2009 – My Year of Sustainability

Our garden last year

Our garden last year

I have never been one for New Year’s resolutions because I don’t think you should only reflect on making changes once a year – especially at the most crazy and stressed out time of year. Oh, and let’s not forget to mention that by the time gathered people bring up the discussions of New Year’s resolutions it is usually during a New Year’s Eve party and everyone is intoxicated. If I am going to implement a life changing resolution, I think I should probably be sober and coherent.

With that said, I have decided on focusing on something I have been putting off making real commitment too for the last several years – sustainability. Sure I have made a few changes here and there but as for constant change and a major shifting of thought I just keep making the excuse that I will start once I get that Earth home/passive home/solar home… that I plan on obtaining in the next few years.  It’s been two years since we started planning for a sustaining/low imprint/off the grid as much as possible home and while we are closer to making it a reality, it’s still a ways off.

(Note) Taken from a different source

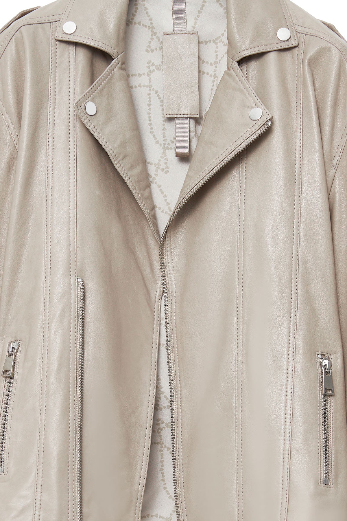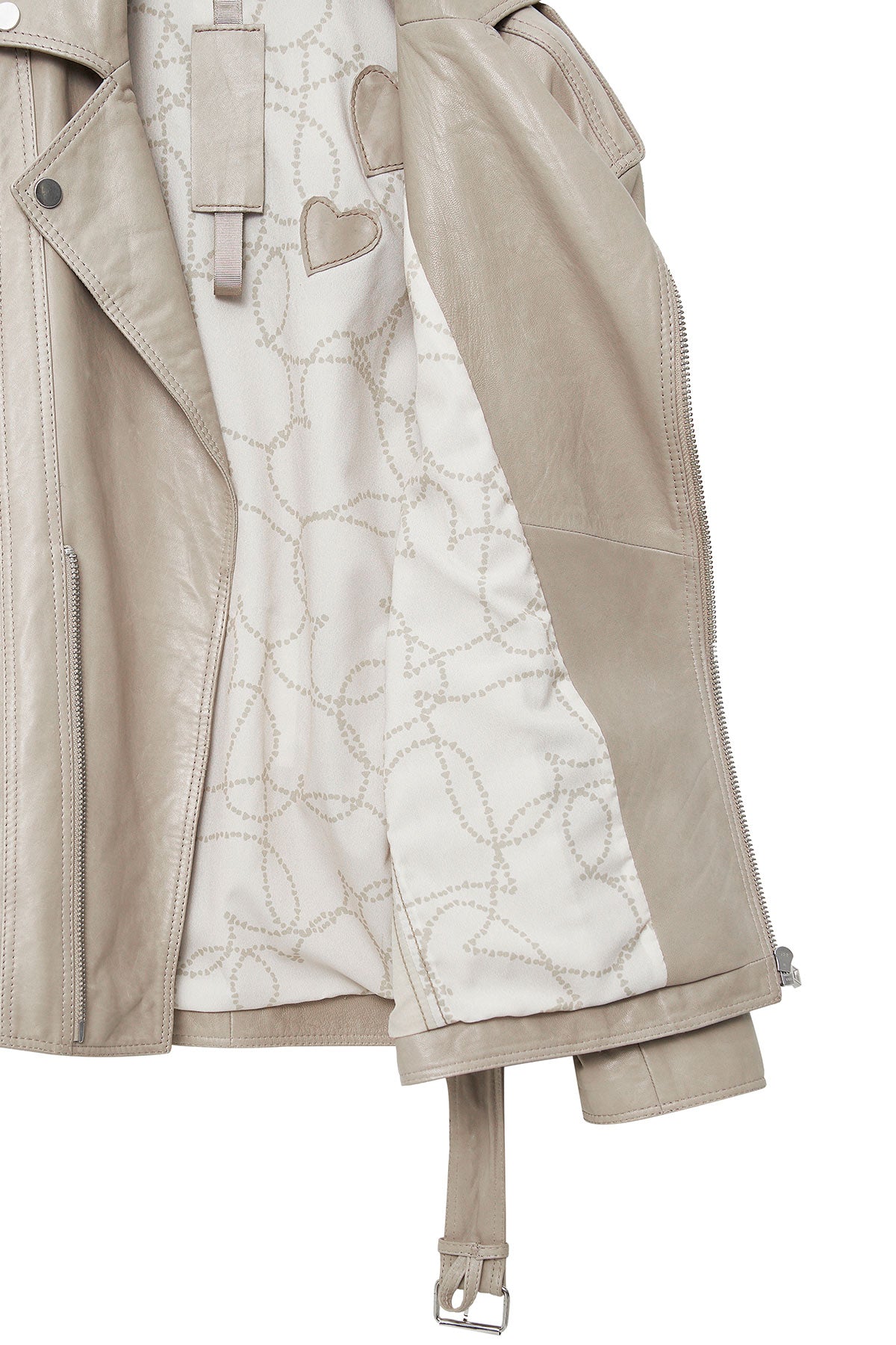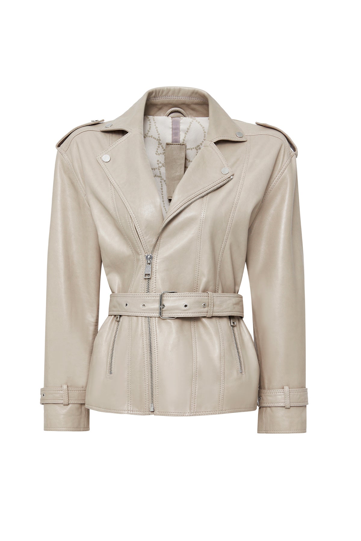 Zendaya Kadın Bej Kemer Detaylı Biker Deri Ceket

If you think about it, moving is stressful. There is the packing, the financing, the transfers of kids, schools, activities, utilities, mail, routines, and moving your actual stuff. When it comes to unpacking it can take me over a year to find the right place for everything and even if I do a purge of stuff before moving, there is always a purge after. Knick-knacks don’t work in every house, curtains don’t fit or  go with the design of the architecture and so on. Why would I add to the stress of all that by totally changing what I do and how I do it? Conclusion: It would be healthier for my family, myself, and my environment if I develop new habits RIGHT NOW.

So here we go, 2009 is my year of sustainability. It’s about finding new and improved ways to do old things. It’s about developing healthy habits that are environmentally friendly, financially friendly, and most importantly self-sustaining. (Let me clarify at least on definition before I get started. When I say local, I mean made or grown as close to my community as possible, not just that the shop that sells it is local.)

Top things on my list are:

  1. Reduce our footprint. This means continuing purging things we don’t need, not buying more cheap crud that will only need to be replaced in a few years because it falls apart, replanting our garden every spring to fill our bellies with fresh veggies and using cloth napkins and towels instead of paper. I think I will find more and more ways to stop using so many disposable things as this becomes more of a habit.
  2. Shopping for food locally. I already hate Wal-Mart, Price Chopper, and Hy-Vee which are the chains that are close to my home. This is going to take research and perhaps some networking with other families and moms but I think once I find one or two locations I will find the people who will know where more are.
  3. Shopping for supplies locally. Again, I hate Wal-Mart and all their stuff is cheap and crummy anyway. This should also help to reduce our waste (smaller footprint!!)  since if we can’t find it locally (at least in a local shop) do we really need it? We probably need less than we think we do.
  4. Just because it is cheap or free DOESN’T mean I should bring it home. There some great sites and some lovely bloggers who tell you all about all the deals of the week, from Walgreen’s to CVS. Included on their lists are how to get products for free plus overages to buy other things. I did this religiously for a few months and ended up wasting 6 precious hours of every Sunday compiling my lists and shopping plus I still have a closet full of toothpaste I bought a year ago. Normally a toothpaste stockpile wouldn’t bother me because it will get used up eventually in a household of six people, but I swear it is the worst toothpaste ever and I had no problem throwing it into a donations collection container. It is better than nothing but I will never pay money for it and my family actually had their dental health decline since using this awful stuff. Now I watch the deals and check the sites and only get the stuff that is worthwhile, even if it means loosing a freebie and the extra overage cash. More is not always better.
  5. Shopping Goodwill more often for the kids clothes (and just not telling them where I got it if I have to). The teens are appalled at the idea of shopping Goodwill for clothing so I will just do it the sneaky way and wash it before I show it to them and not tell them where I got it. I wash all their new clothes before they wear them as it is so no harm no foul. I am already a big fan of thrift shops for my clothing and furniture needs.
  6. Last but not least, personal sustainability. I refuse to let other moms get to me. I don’t fit in with most working moms I know because I am not a convenience person and I sew, knit, approve homeschooling, loathe daycare, don’t care so much about trendy work clothes (and manicures and hairdos and lunches…), popular labels and so on. I don’t fit in with most stay at home moms I know because I work which means I only have limited hours I am available to do things such as after 10pm on weeknights and my weekends are spent running errands. I am getting to the age where approval of my peers really isn’t as important to me as it used to be. I feel well rounded and I am open to improving my personal, wife, and mothering skills on an as needed basis and I would rather spend my energy improving myself and being happy then seeking approval. Who needs that kind of stress anyway? Let’s support each other and celebrate our differences ladies! The Internet has let me find the groups of people I have things in common with (local & distant)  so I can let go of those I don’t.

There is the start of my list, and the start of my year. Wish me luck. Please feel free to share any links or tips you have that might help me acheive my goal!